==== Source material ====
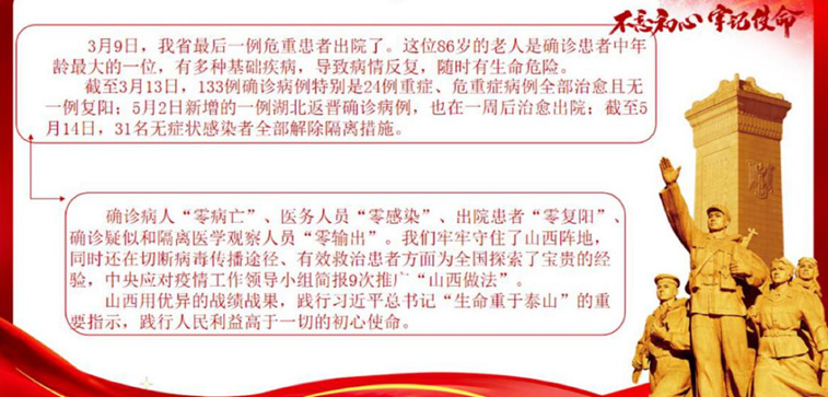 6月8日晚,电视专题片《用忠诚担当书写勇毅前行的山西答卷——新冠肺炎疫情防控斗争启示录》在山西卫视播出。按照学校党委宣传部的要求,太阳成集团官方网站党委立即安排,第一时间在微信群内通知师生收看,通过新媒体平台进行宣传,并组织七个党支部的师生党员通过收看直播、支部集中学及线上热议交流的形式进行了观看学习。
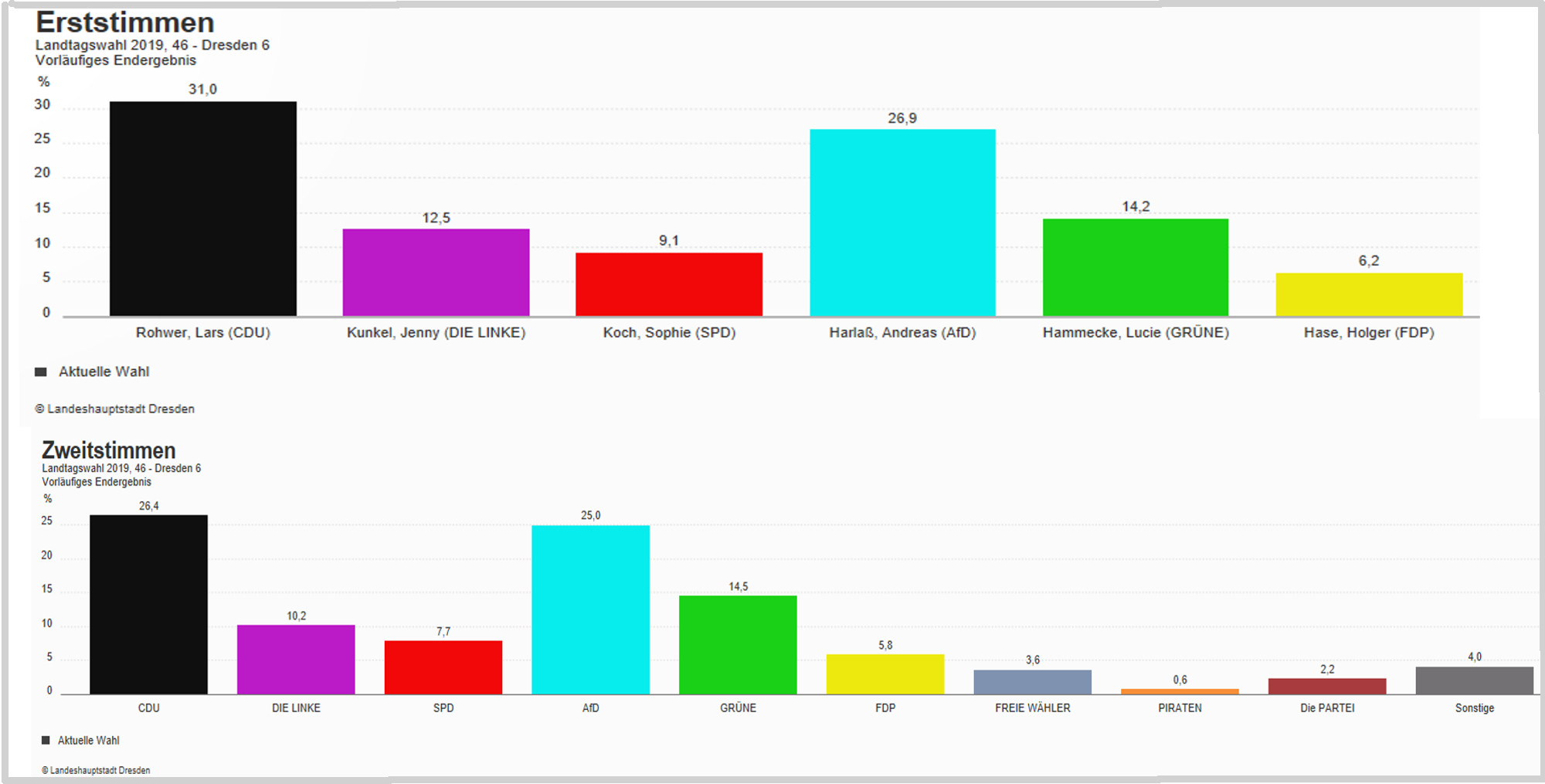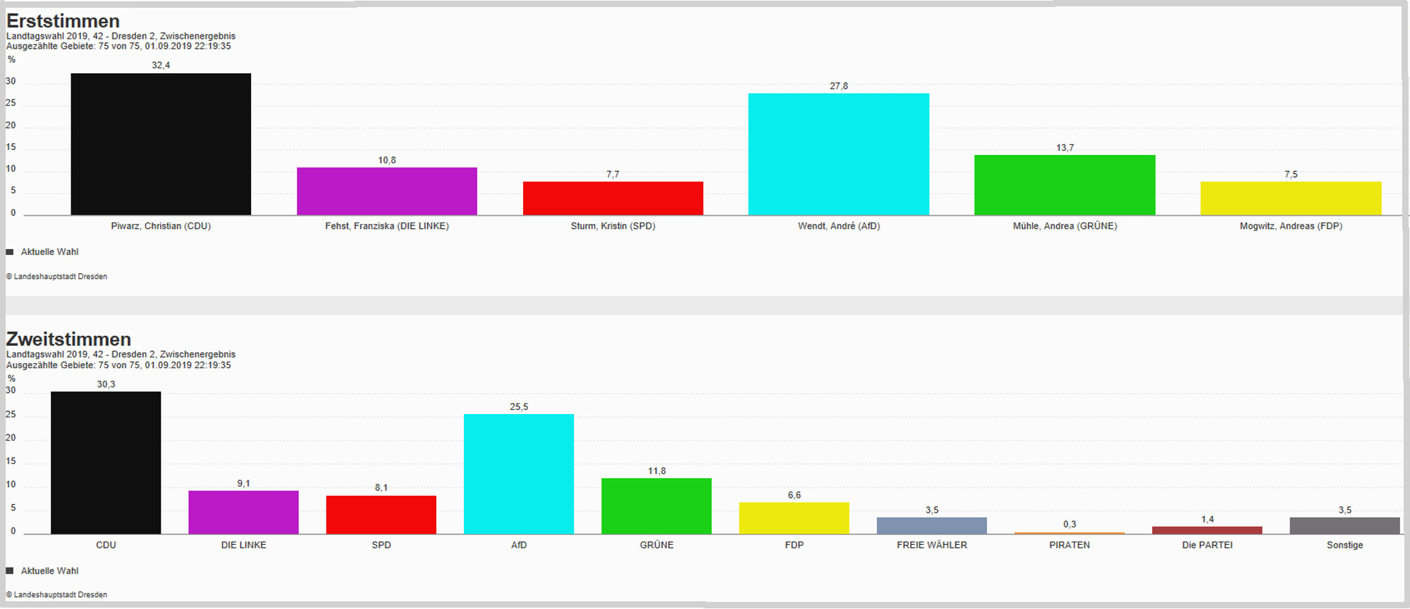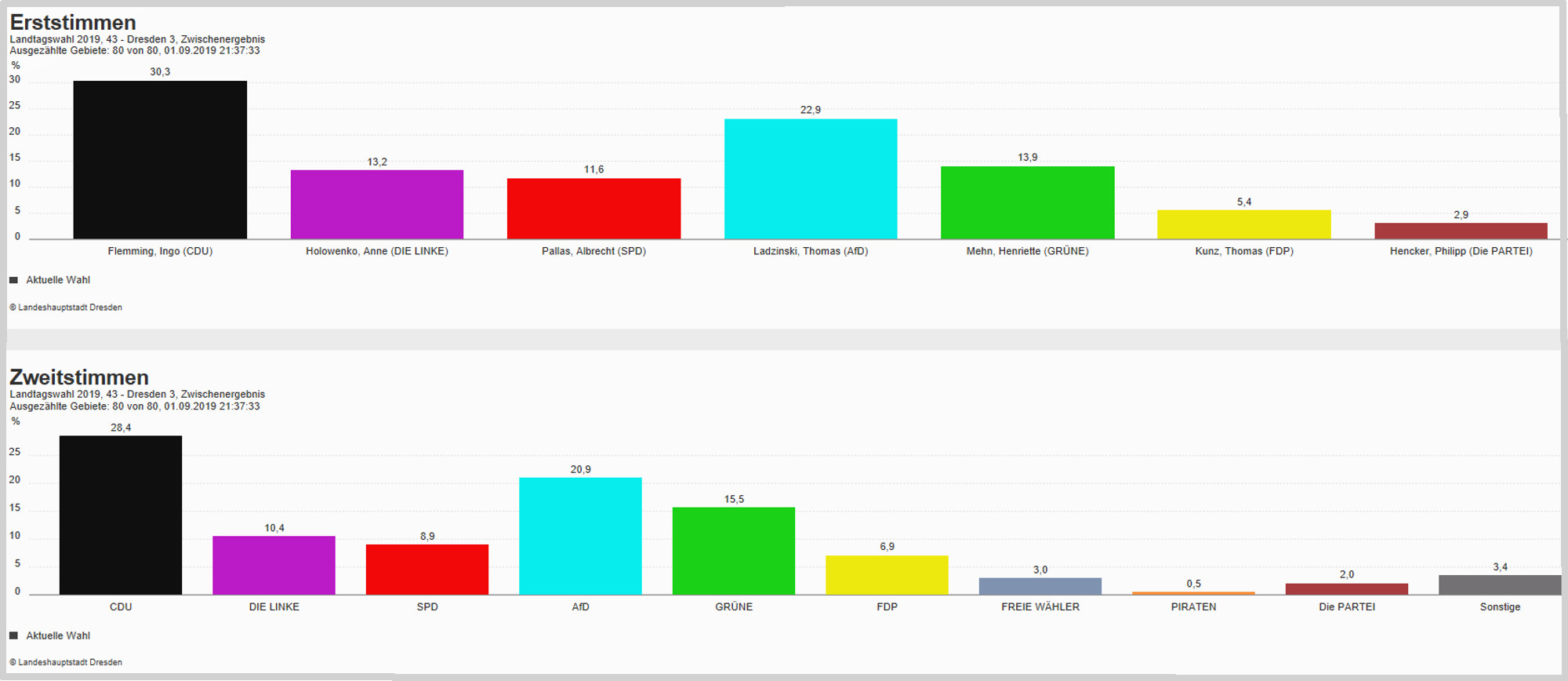 Die Dresdner CDU hat sechs der sieben Wahlkreise in der Landeshauptstadt gewonnen. In fünf der sechs gewonnenen Wahlkreise lag sie deutlich vor den Konkurrenten von der AfD. Nur im Dresdner Norden, im Wahlkreis 41, erreichte mit Valentin Lippmann ein Bündnisgrüner den zweitmeisten Stimmen.
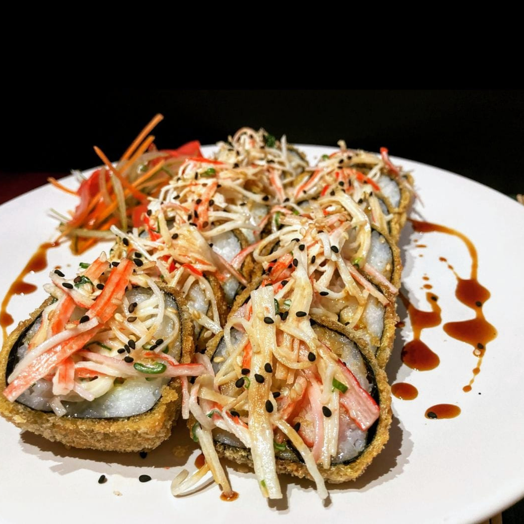 Empanizado y topping de ensalada kani, salsa de anguila y ajonjolí.
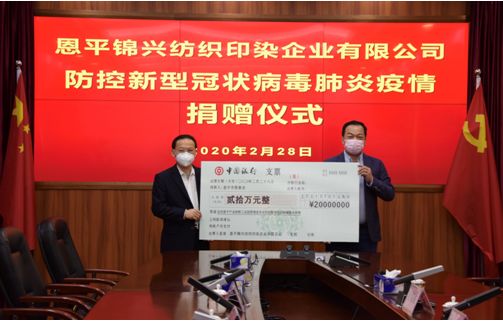 越是艰难时刻,越能体现一个党组织守初心、勇担当。锦兴党支部面对突如其来的疫情,积极发挥战斗堡垒作用,作为一面高举的鲜红旗帜,带领着恩平锦兴印染纺织有限公司在内防疫情稳生产的同时,对外不忘发挥自身社会作用,为抗击疫情不遗余力贡献力量。疫情初期,锦兴公司已向恩平工业园捐赠了口罩等防控物资一批。近日,在锦兴党支部带动下,锦兴公司向恩平产业转移工业园管委会捐赠20万元人民币,用于支持防控新型冠状病毒肺炎疫情工作,尽显社会责任担当。
====
Brief: Everything from the line containing "Die Dresdner CDU" through the final line of the material must be set down exactly, except the pictures.

Answer box:
 Die Dresdner CDU hat sechs der sieben Wahlkreise in der Landeshauptstadt gewonnen. In fünf der sechs gewonnenen Wahlkreise lag sie deutlich vor den Konkurrenten von der AfD. Nur im Dresdner Norden, im Wahlkreis 41, erreichte mit Valentin Lippmann ein Bündnisgrüner den zweitmeisten Stimmen.
 Empanizado y topping de ensalada kani, salsa de anguila y ajonjolí.
 越是艰难时刻,越能体现一个党组织守初心、勇担当。锦兴党支部面对突如其来的疫情,积极发挥战斗堡垒作用,作为一面高举的鲜红旗帜,带领着恩平锦兴印染纺织有限公司在内防疫情稳生产的同时,对外不忘发挥自身社会作用,为抗击疫情不遗余力贡献力量。疫情初期,锦兴公司已向恩平工业园捐赠了口罩等防控物资一批。近日,在锦兴党支部带动下,锦兴公司向恩平产业转移工业园管委会捐赠20万元人民币,用于支持防控新型冠状病毒肺炎疫情工作,尽显社会责任担当。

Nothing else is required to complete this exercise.